# Job Prep.



## Cole82 (Nov 22, 2008)

Is that brown stuff water proofing?

Cole


----------



## tgeb (Feb 9, 2006)

Interesting project.

I have used the "form-a-drain" on one project, we liked it and will use it again.


----------



## WNYcarpenter (Mar 2, 2007)

Cole82 said:


> Is that brown stuff water proofing?
> 
> Cole


Yes it is, I wish I could remember the name of the exact product.....it was new to me. The system is tu-tuff over the footer and up the wall and this drain mat down to the footer. Back fill with stone.

we used to use j-drain with fabric.....I wish I knew more, I didn't ask many questions.


----------



## Cole82 (Nov 22, 2008)

WNYcarpenter said:


> Yes it is, I wish I could remember the name of the exact product.....it was new to me. The system is tu-tuff over the footer and up the wall and this drain mat down to the footer. Back fill with stone.
> 
> we used to use j-drain with fabric.....I wish I knew more, I didn't ask many questions.


 If you wouldn't mind, would you be able to find a product name for it. Looks interesting.

Cole


----------



## WNYcarpenter (Mar 2, 2007)

Cole82 said:


> If you wouldn't mind, would you be able to find a product name for it. Looks interesting.
> 
> Cole


absolutlely:thumbsup:


----------



## griz (Nov 26, 2009)

Cool looking project. Have fun.:thumbsup:


----------



## WNYcarpenter (Mar 2, 2007)

Cole82 said:


> If you wouldn't mind, would you be able to find a product name for it. Looks interesting.
> 
> Cole


Delta-MS "The Foundation Wrap"

http://www.spycor.com/DELTA_MS_foun...m?Click=4921&gclid=CL7Po9K_l6UCFQRM5QodyjSyGg

Without knowing what you use, I'll just tell you what I know as an installer......

The drain mat came with (orange) buttons for fastening, plastic termination strips (that we'll use when final grade is established) and hardened ram-set nails.

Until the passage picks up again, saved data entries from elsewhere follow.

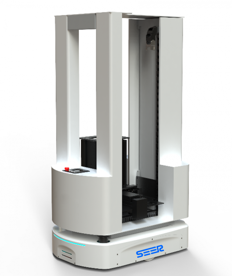 倉儲管理、物料運輸、設備對接。車體采用上海仙工智能科技激光 SLAM 導航車,內置仙工智能自主研發控制器進行運輸任務。
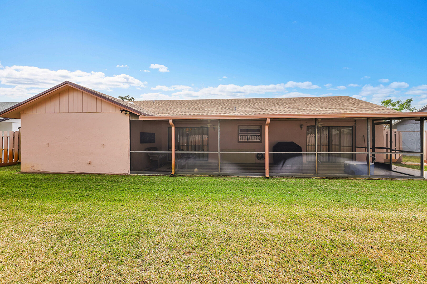 Downspout, Fence, Gate, Gutters, Lawn, Outdoor Structure, Shed, Shingle Roof, Stucco Siding, Sunroom, Vertical Siding, Grill, Lawn, Vertical Siding
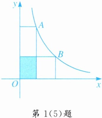 .(5)如图,$ A $,$ B $ 是反比例函数 $ y = \frac{6}{x} $ 图像上的点,分别过点 $ A $,点 $ B $ 作 $ x $ 轴和 $ y $ 轴的垂线,若图中阴影部分的面积为 $ 2 $,则两个空白矩形面积的和为
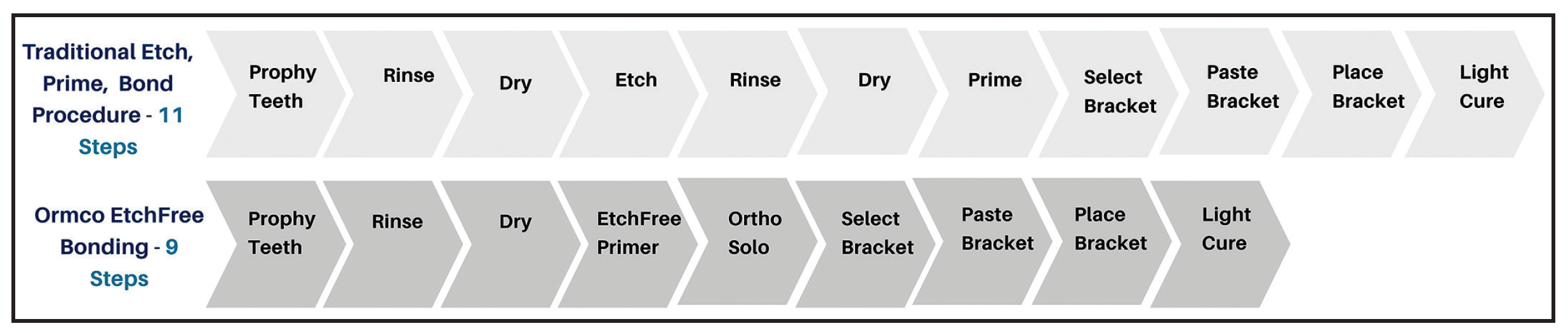 Fig. 1 Comparison of 11-step conventional etching and bonding process and nine-step Ormco EtchFree Bonding* system.

The buttons fit right into the dimples, and in our case we just screwed to the plastic webbing of the ICF......overlapping was simple, the dimples work together.


----------



## Cole82 (Nov 22, 2008)

So there is a little air gap against the icf? I supose could be call a rain screen.

Cole


----------



## WNYcarpenter (Mar 2, 2007)

Cole82 said:


> So there is a little air gap against the icf? I supose could be call a rain screen.
> 
> Cole


Yes there is an air gap......I was using "drain mat" loosely....no air gap in my understanding would have been described as a membrane. So I guess, rain screen, might be the same thing........


----------



## Cole82 (Nov 22, 2008)

I would like to try that on a house some day. If a customer would let me, the las waterproofing I did on an icf didn't work. The company ended up agreeing with me that it shouldn't be recomended but last I checked it still was on there website.

Cole


----------



## tgeb (Feb 9, 2006)

Thanks for that link WNYcarpenter.

That looks like an interesting product. I might have to try that out.

Cole82, what product did you use on the ICF wall that did not work?

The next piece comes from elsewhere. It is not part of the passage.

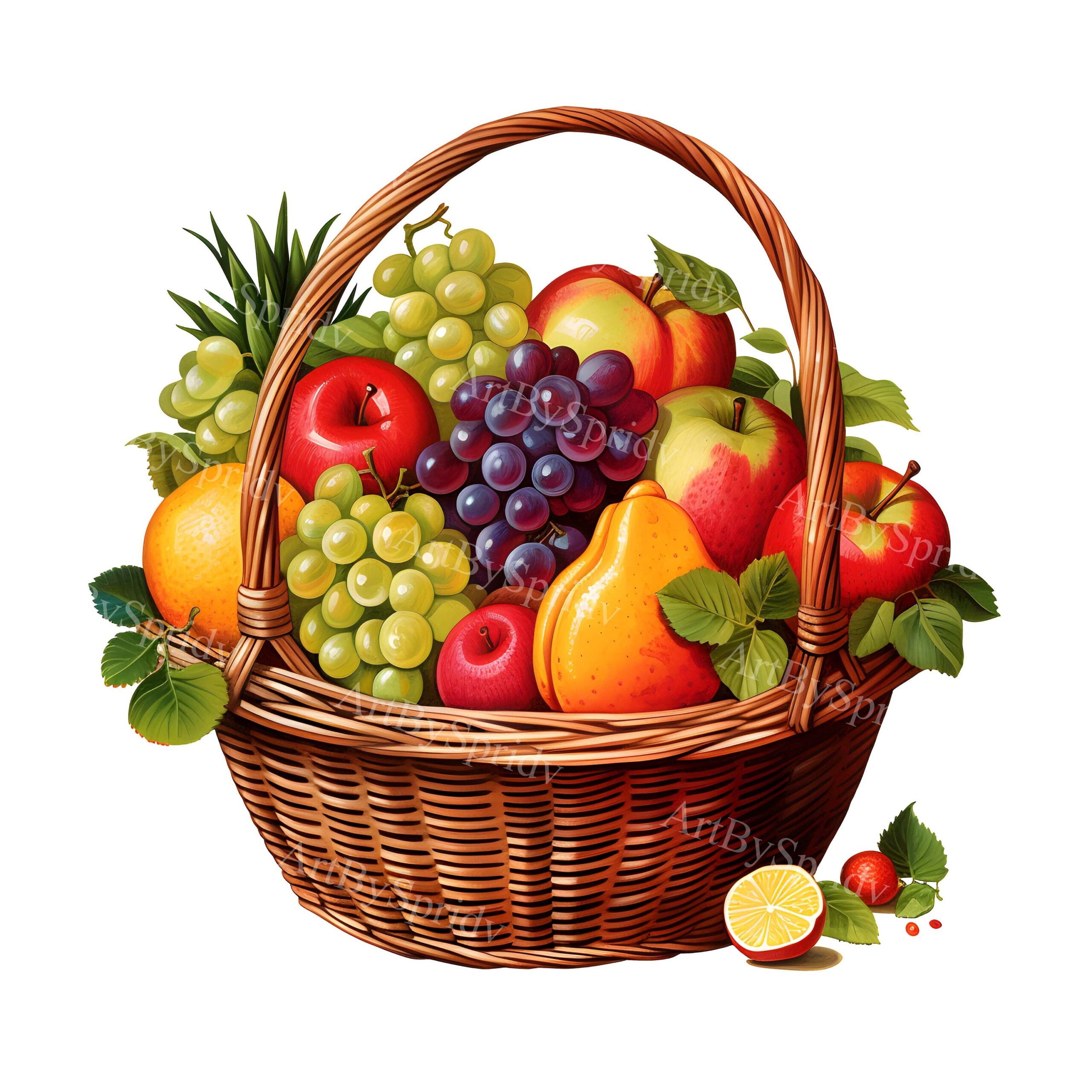 Now, let’s take a closer look at the picture of a fruit basket. The basket is overflowing with a variety of fruits such as apples, oranges, bananas, grapes, and strawberries. The fruits are arranged in a visually appealing way, with the colors complementing each other perfectly.

On our last ICF, I used TW-60 from Tamko and also covered it with dimple board for protection. It seemed to adhere pretty well to the foam blocks.

Stuck like effin crazy to itself if you accidentally let it touch while trying to hang it on the wall.

Looks like this product handles the membrane and protection in one step for about the cost of the TW-60 membrane....


----------



## Cole82 (Nov 22, 2008)

Polyguard 650
Called them and told them it didn't stick to anything. They said I need the primer to make it stick. Used the primer was about as sticky as a post it note. Wouldn't even hold it's own weight up. They said screw it on with fender washers. Pulled long slits in the membraine where the screws were. A huge mess!
http://www.polyguardproducts.com/products/architectural/650waterproofing.htm

Cole


----------



## WNYcarpenter (Mar 2, 2007)

we've used so many different products in the last year.....I get lost.........seriously............every time I think I know what we're doing, there's a new procedure.....
So far, the best results have been when we use a heat gun and roller, but C'MON.......


----------